Skip the pictures. Quote every line below, exactly, from the one with "MacGillivray Modern Tartan" through the final line.

Stored data entries:
• • •
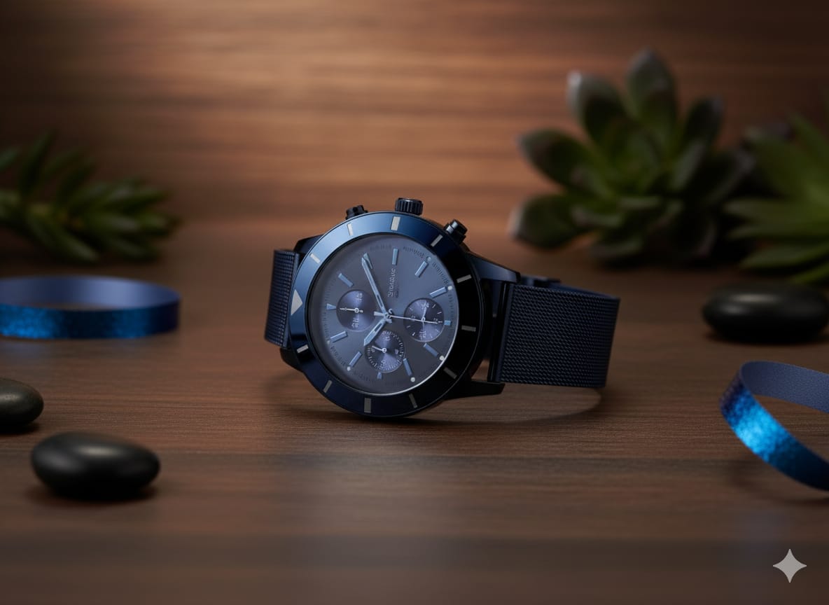 Sleek and modern chronograph watch with a deep blue case and mesh strap. The multi-function dial features sub-dials and clean index markers, making it a versatile accessory for both business attire and casual looks. A refined, contemporary timepiece that adds a touch of elegance to any outfit.
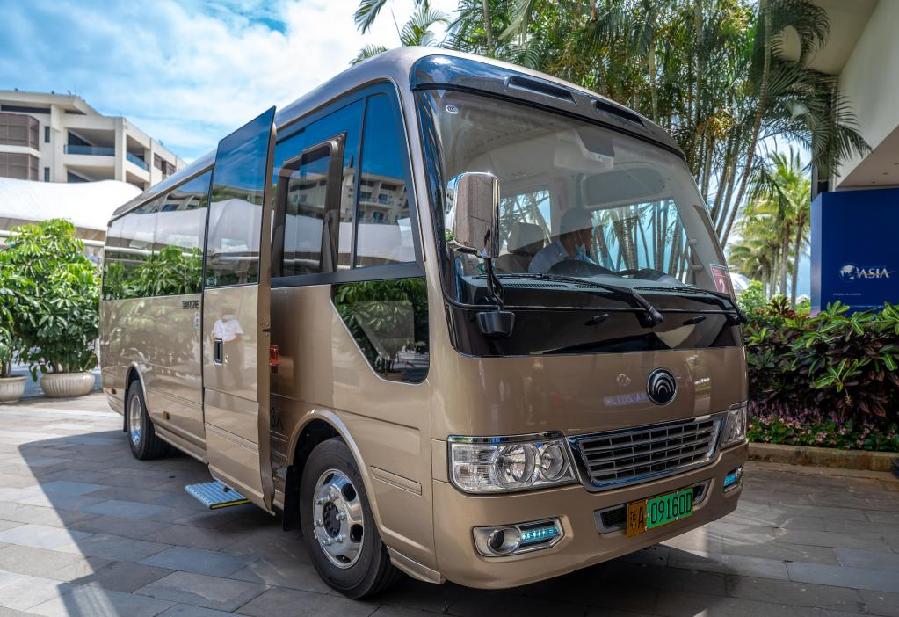 宇通T7公商务接待车正在服务博鳌亚洲论坛。(资料照片)
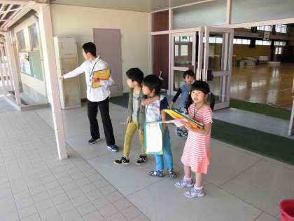 5月17日 生活科の学習で「がっこうたんけん」をしました。4月に2年生のお兄さんお姉さんに案内してもらった場所を、班に分かれて自分たちで探検しました。特別教室の中に入って絵をかいたり、シールをはって地図を完成させたりしました。友だちと協力してゴールの講堂へ向かいました。
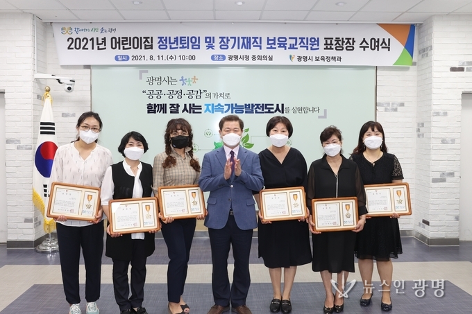 광명시(시장 박승원)는 11일 시청 중회의실에서 보육교직원과 간담회를 열어 보육현장에서 오랜 시간 어린이를 돌봐온 보육교직원을 표창하고 격려했다.
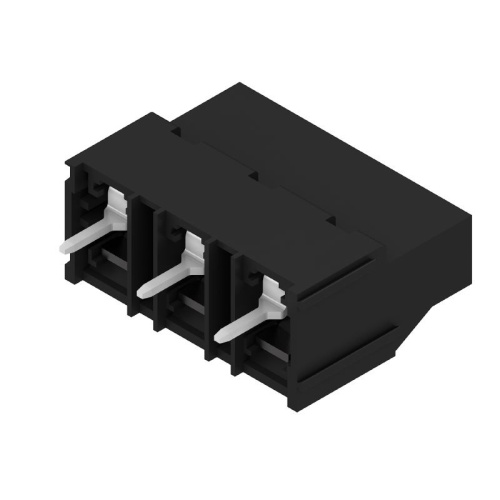 This PCB terminal provides connections for 1000 V, 6 mm² conductor cross-section and 32 A with proven clamping yoke connection at 9.52 mm pitch, conductor outlet direction in 90° design.
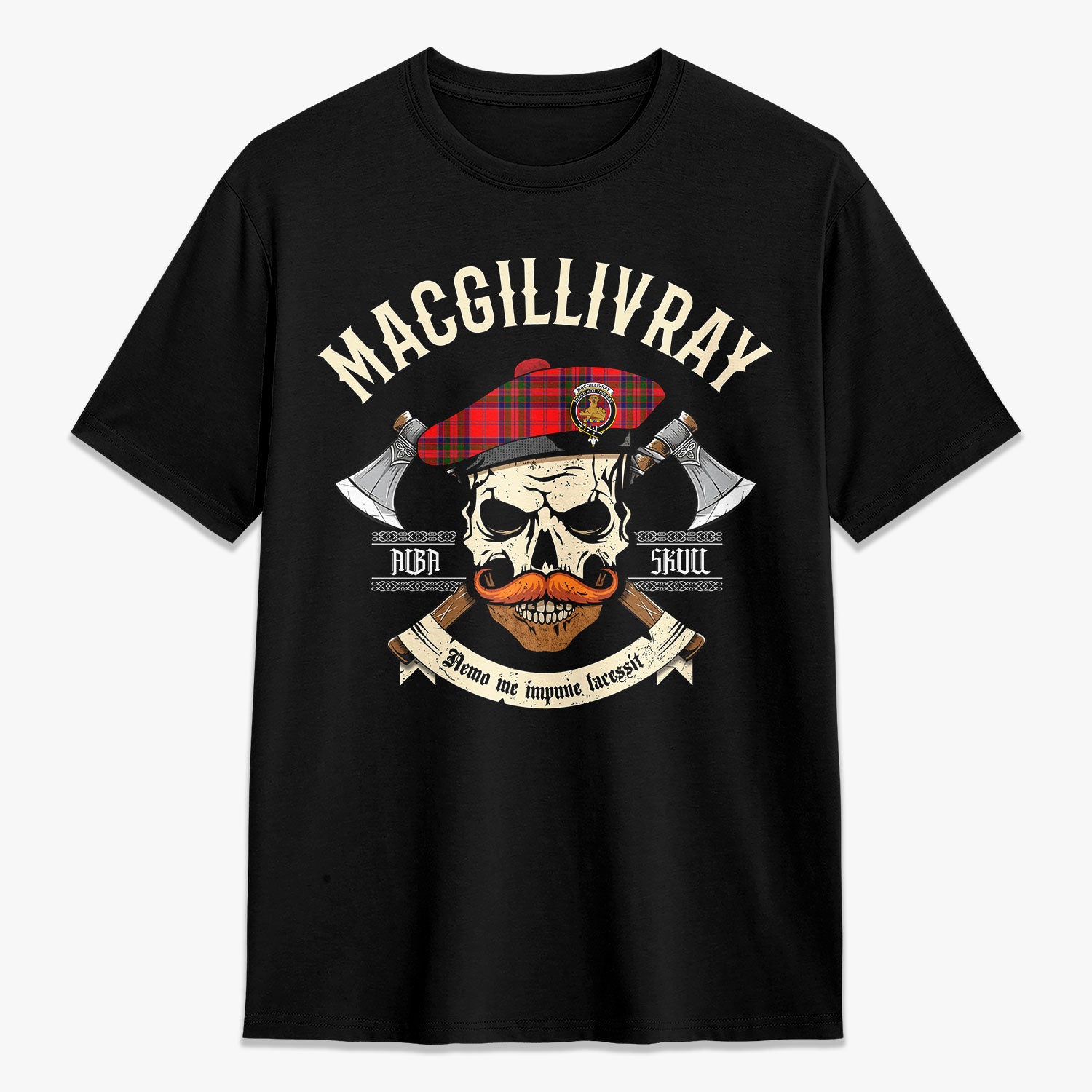 MacGillivray Modern Tartan Crest 2D T-shirt - Alba Skull Style
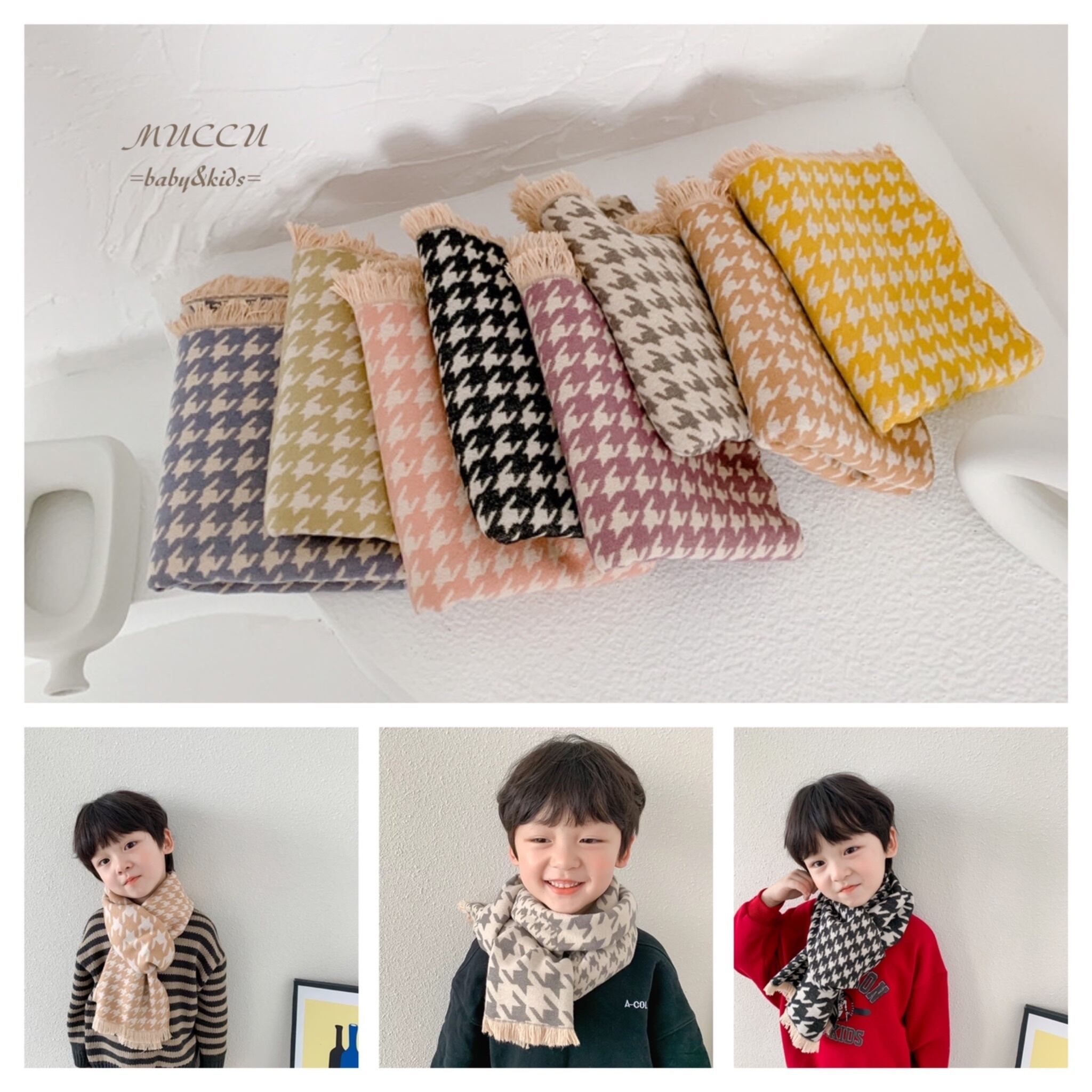 送料無料!【予約販売】おしゃれ 千鳥格子 あったか マフラー 男の子 女の子 兄弟 姉妹 双子 ペアコーデ お出掛けコーデ 出産祝い
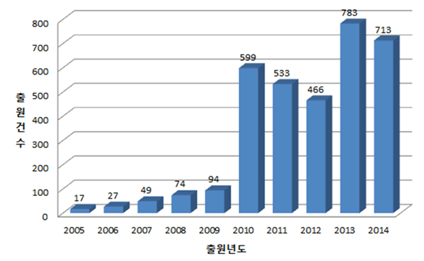 AR분야의 특허출원은 2010년부터 급증했다. 새로운 디바이스인 스마트폰이 등장하였기 때문에 나타난 현상이다. 새로운 하드웨어가 등장하면 이를 이용한 다양한 새로운 소프트웨어, 새로운 서비스에 대한 특허출원이 따라오게 된다.
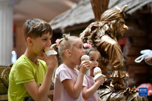 6月1日,孩子們在位于俄羅斯莫斯科市中心的中央兒童商場品嘗冰淇淋,慶祝“六一”國際兒童節。
• • •
__SOLUTION TO THE PROBLEM__.
 MacGillivray Modern Tartan Crest 2D T-shirt - Alba Skull Style
 送料無料!【予約販売】おしゃれ 千鳥格子 あったか マフラー 男の子 女の子 兄弟 姉妹 双子 ペアコーデ お出掛けコーデ 出産祝い
 AR분야의 특허출원은 2010년부터 급증했다. 새로운 디바이스인 스마트폰이 등장하였기 때문에 나타난 현상이다. 새로운 하드웨어가 등장하면 이를 이용한 다양한 새로운 소프트웨어, 새로운 서비스에 대한 특허출원이 따라오게 된다.
 6月1日,孩子們在位于俄羅斯莫斯科市中心的中央兒童商場品嘗冰淇淋,慶祝“六一”國際兒童節。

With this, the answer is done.